Kusumavati Deshpande (Devanagari: कुसुमावती देशपांडे) (1904–1961) was a Marathi writer from Maharashtra, India.

She was born on 10 November 1904 in Amravati, Bombay Presidency, her maiden having been Kusum Jaywant. Her father was a lawyer.

After finishing her high school education at Huzurpaga (HHCP) girls' school in Pune in 1921, she studied for four years in Fergusson College, also in Pune, before moving to Nagpur and receiving her B.A. degree from Nagpur University in 1926. She went to the UK to receive in 1929 a B.A. in English literature from Westfield College in London. The same year she married Atmaram Ravaji Deshpande alias Kavi Anil and took the name  Kusumavati Deshpande.

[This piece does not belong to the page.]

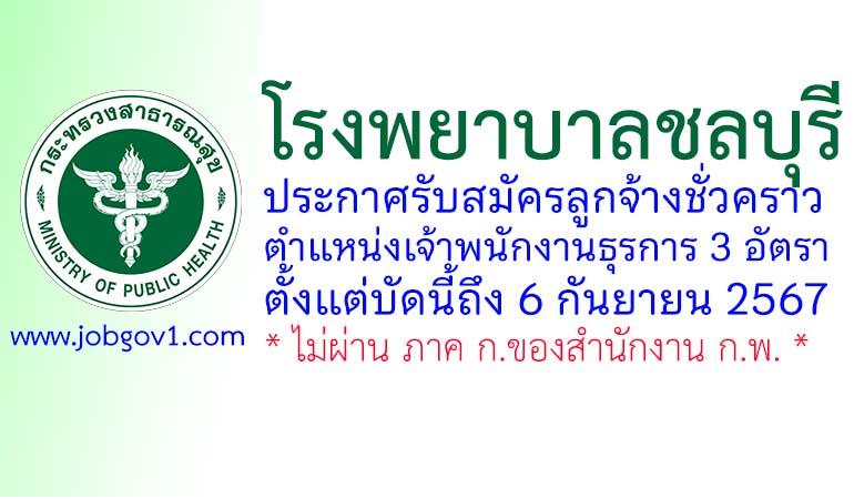 โรงพยาบาลชลบุรี รับสมัครลูกจ้างชั่วคราว ตำแหน่งเจ้าพนักงานธุรการ 3 อัตรา ตั้งแต่บัดนี้ถึง 6 กันยายน 2567
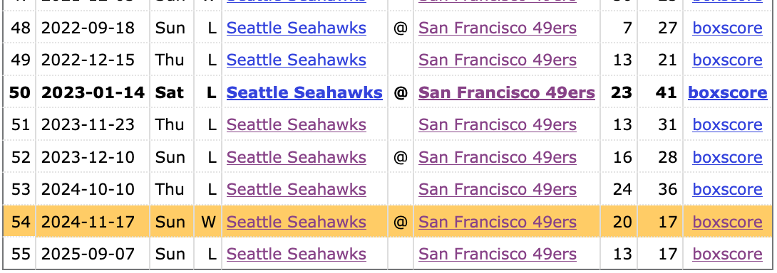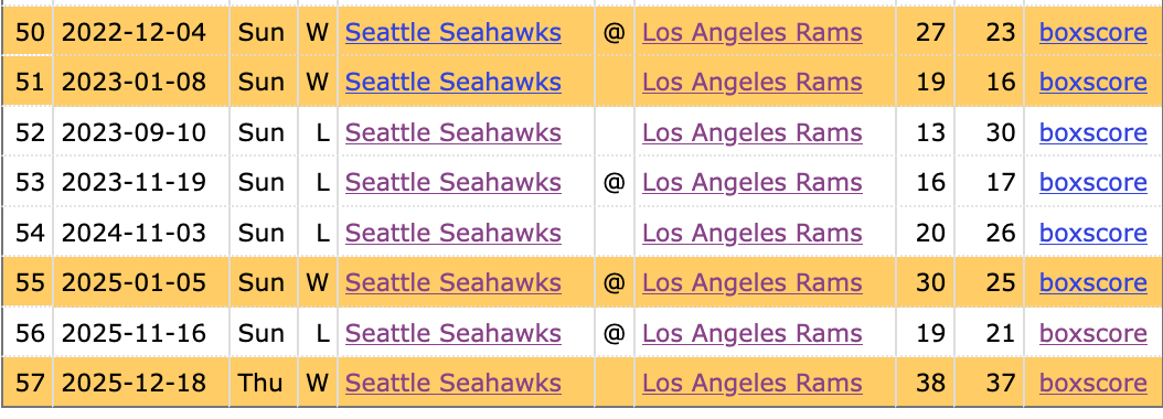 I was going to say that the Rams have been so much more of a roadblock to Seattle’s success since Sean McVay was hired in 2017, which is probably true, but then I remembered that the Seahawks have also lost seven of their last eight games against the 49ers.

For over 25 years since 1931, Deshpande taught English literature at Nagpur University. She also served as the Chief Producer, Women and Children's Programmes at All India Radio, and as the Convenor of the Advisory Board for the Sahitya Akademi on Marathi literature.

Literary works
Deshpande's critical essays on Marathi literature were published in two volumes as Marathi Kadambariche Pahile Shatak (मराठी कादंबरीचे पहिले शतक) in 1954 by the Sahitya Akademi.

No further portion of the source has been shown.